# Mediaset shock, vuole controprogrammare Sanremo



## fabri47 (Mercoledì alle 12:07)

Stando a quanto riportato da Giuseppe Candela su Dagospia, dopo quasi quindici anni, *Mediaset vuole fare guerra a Sanremo 2023 e controprogrammare il Festival. Potrebbe mandare in onda regolarmente Le Iene su Italia 1, mentre su Canale 5 Il Grande Fratello Vip, ma soprattutto C'è Posta Per Te al sabato sera contro la finale della kermesse.*


----------



## fabri47 (Mercoledì alle 12:08)

fabri47 ha scritto:


> Stando a quanto riportato da Giuseppe Candela su Dagospia, dopo quasi quindici anni, *Mediaset vuole fare guerra a Sanremo 2023 e controprogrammare il Festival. Potrebbe mandare in onda regolarmente Le Iene su Italia 1, mentre su Canale 5 Il Grande Fratello Vip, ma soprattutto C'è Posta Per Te al sabato sera contro la finale della kermesse.*


Maria De Filippi, che in realtà ha più poteri di Piersilvio, dubito vorrà andare contro Sanremo. Se veramente succede, Sanremo partirà il lunedì per terminare il venerdì.


----------



## Zenos (Mercoledì alle 12:16)

Se mettono Zelig o mai dire gol Sanremo fallisce.


----------



## diavoloINme (Mercoledì alle 12:21)

fabri47 ha scritto:


> Stando a quanto riportato da Giuseppe Candela su Dagospia, dopo quasi quindici anni, *Mediaset vuole fare guerra a Sanremo 2023 e controprogrammare il Festival.
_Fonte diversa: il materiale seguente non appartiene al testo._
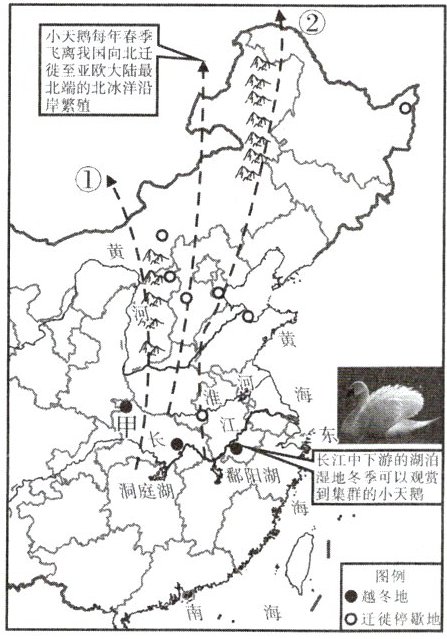 12.C [迁徙路线②经过了我国长江中下游平原、华北平原和东北平原,没有经过黄土高原。] 13.B [甲地位于秦岭以南,受秦岭的阻挡,冬季风难以下南,气温较高,适合作为小天鹅的栖息地。] 14.
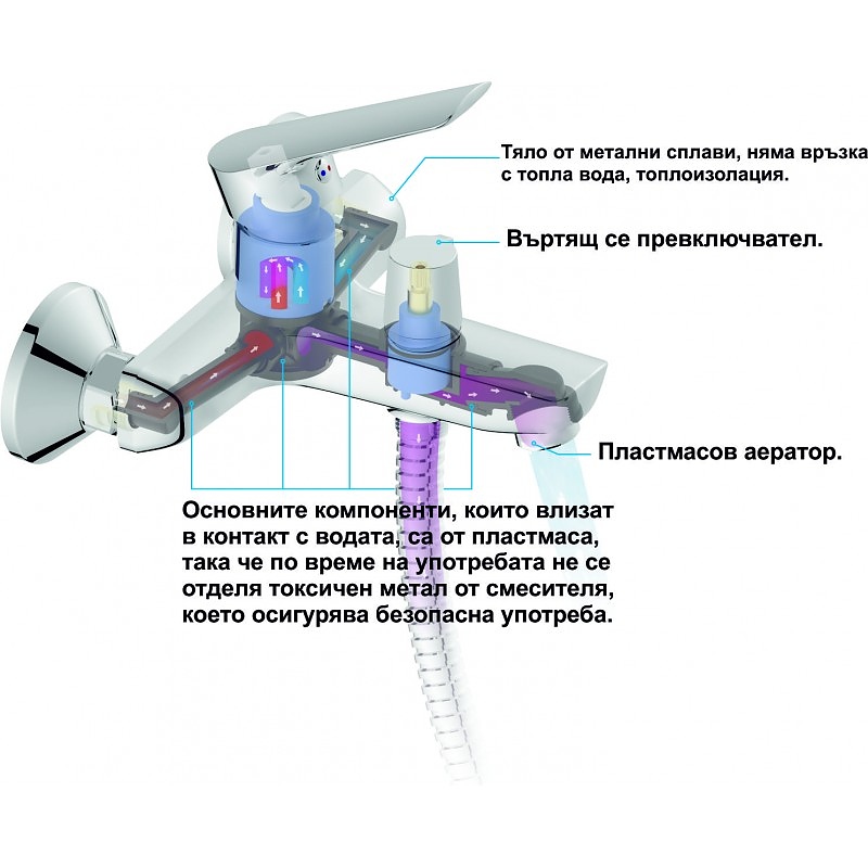 Смесител за вана и душ Даниста 6280198 е универсален модел, който е съвместим с всяко тръбно окачване или подвижен душ, който се свързва посредством мека връзка.Тялото на батерията е изработено от метални сплави и е проектиран с топлоизолация. Така не се осъществява връзка с топлата вода. Основните компоненти, които влизат в контакт с нея са от пластмаса. Това гарантира безопасна употреба, защото не се отделя токсичен метал от смесителя. Смесителя е с въртящ се превключвател и пластмасов аератор.
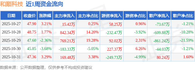 资金流向数据方面,本周和顺科技主力资金合计净流入1613.13万元,游资资金合计净流出104.56万元,散户资金合计净流出1508.57万元。本周资金流向一览见下表:
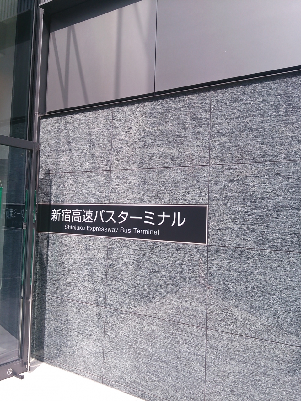 新宿駅西口のヨドバシカメラの近く。バスターミナルとはいっても、ビル一階にバスが二台分位とめられるスペースがあるだけで、人混みをかき分けて出発しているので、運転手や警備員は大変そう。写真は待ち合いスペースで乗車券の購入等ができる。エアコンがきいているので、関係なさそうな人もいる。
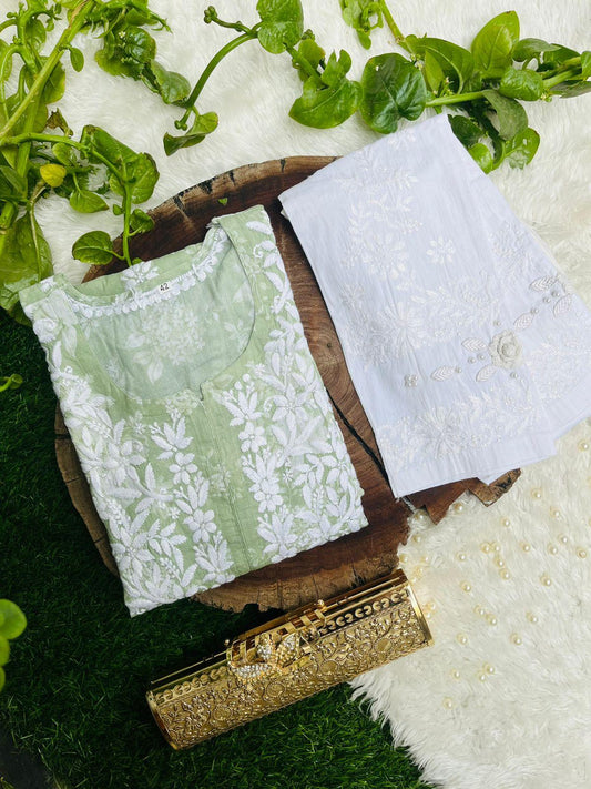 Tranquil Elegance: Light Green Chikankari Kurti in Mulmul Cotton
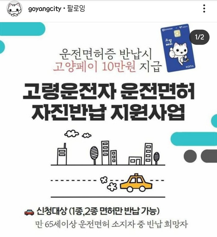 고양시는 2019년 500명, 2020년 1월부터 2020년 10월까지 운전면허를 반납한 3,155명의 고령운전자에게 고양페이 10만원 선불권을 등기우편으로 발송해 인센티브 지급을 완료했다.
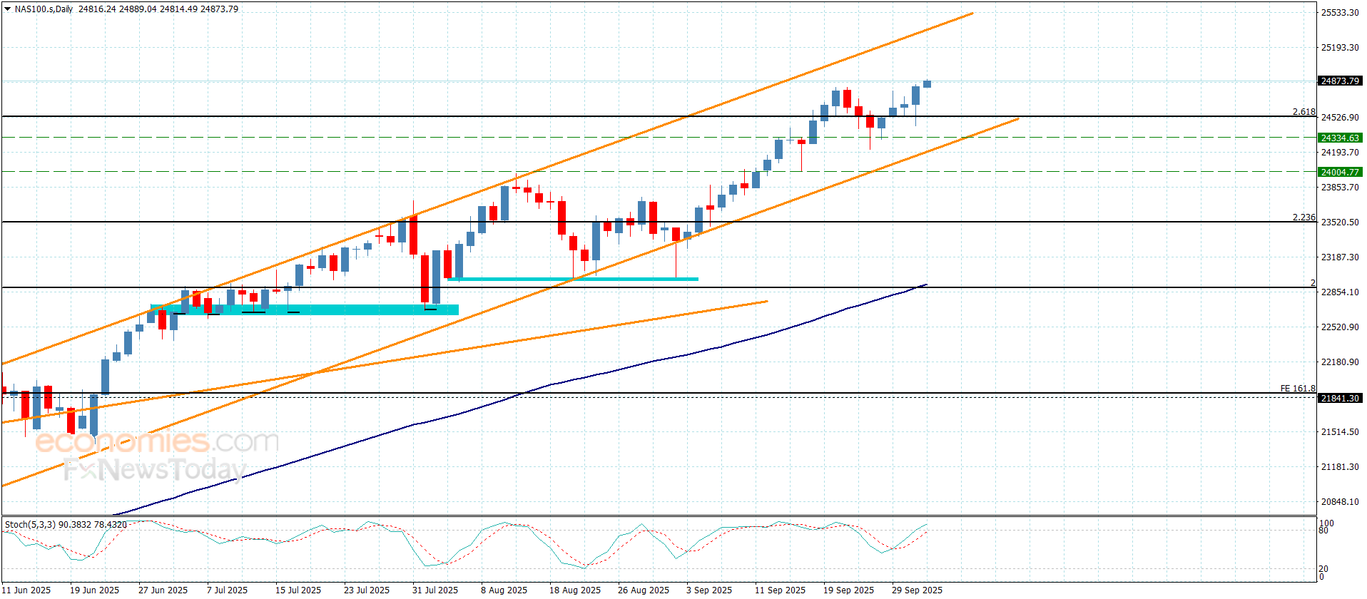 نجح سعر المؤشر بالتخلص من الضغوط السلبية اللحظية بتقديمه يوم أمس لإغلاق إيجابي جديد فوق الدعم الإضافي المتمركز عند 24330.00 ومن ثم ليشكل اندفاع صاعد قوي ليبدأ بتسجيل مكاسب تاريخية جديدة بوصوله حاليا نحو 24890.00.
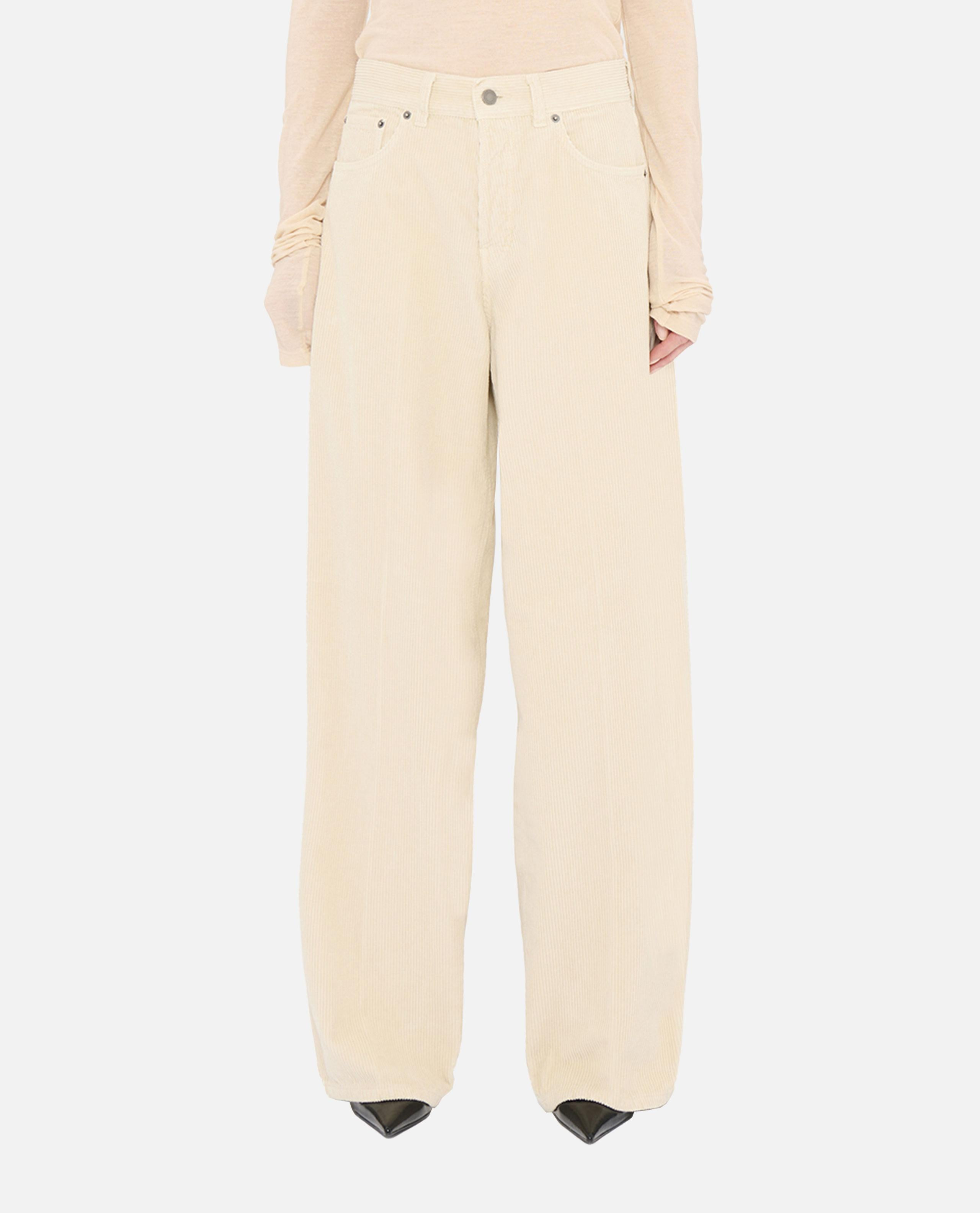 Women's ribbed cotton trousers, wide leg and classic 5-pocket closure. Regular fit. Made in Italy, color: beige Details and Care Color: White Composition: 100% CO Made in: Italia Sku: HEW03296GF156PTT0336
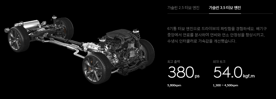 - "3.5 가솔린 모델의 파워는 정말 대단해요. 중형 SUV라는 게 믿기지 않을 정도의 퍼포먼스를 보여줍니다."
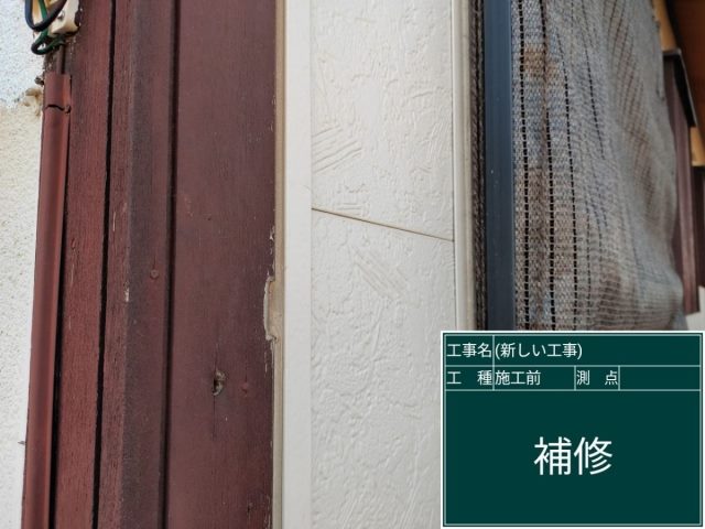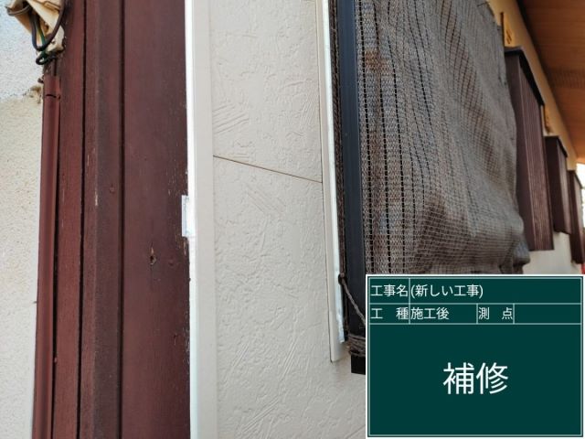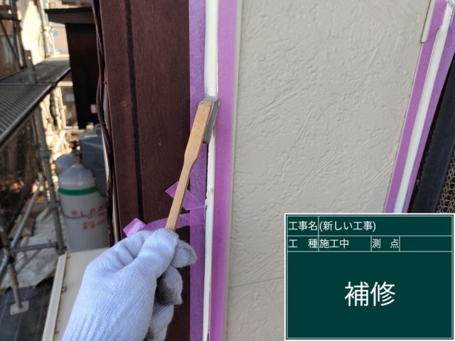 リシン吹きのモルタル外壁、塗装をおこなう前に、補修をおこなっていきます。

Potrebbe mandare in onda regolarmente Le Iene su Italia 1, mentre su Canale 5 Il Grande Fratello Vip, ma soprattutto C'è Posta Per Te al sabato sera contro la finale della kermesse.*


Se questa è la controfferta potrei decidere di guardare sanremo.


----------



## Swaitak (Mercoledì alle 12:23)

fabri47 ha scritto:


> Stando a quanto riportato da Giuseppe Candela su Dagospia, dopo quasi quindici anni, *Mediaset vuole fare guerra a Sanremo 2023 e controprogrammare il Festival. Potrebbe mandare in onda regolarmente Le Iene su Italia 1, mentre su Canale 5 Il Grande Fratello Vip, ma soprattutto C'è Posta Per Te al sabato sera contro la finale della kermesse.*


Io guardo il topic su MW


----------



## Devil man (Mercoledì alle 12:24)

Tanto ci sono le piattaforme streaming che fanno già guerra a Sanremo, ma sto spettacolo da radical chic ma chi se lo fila ???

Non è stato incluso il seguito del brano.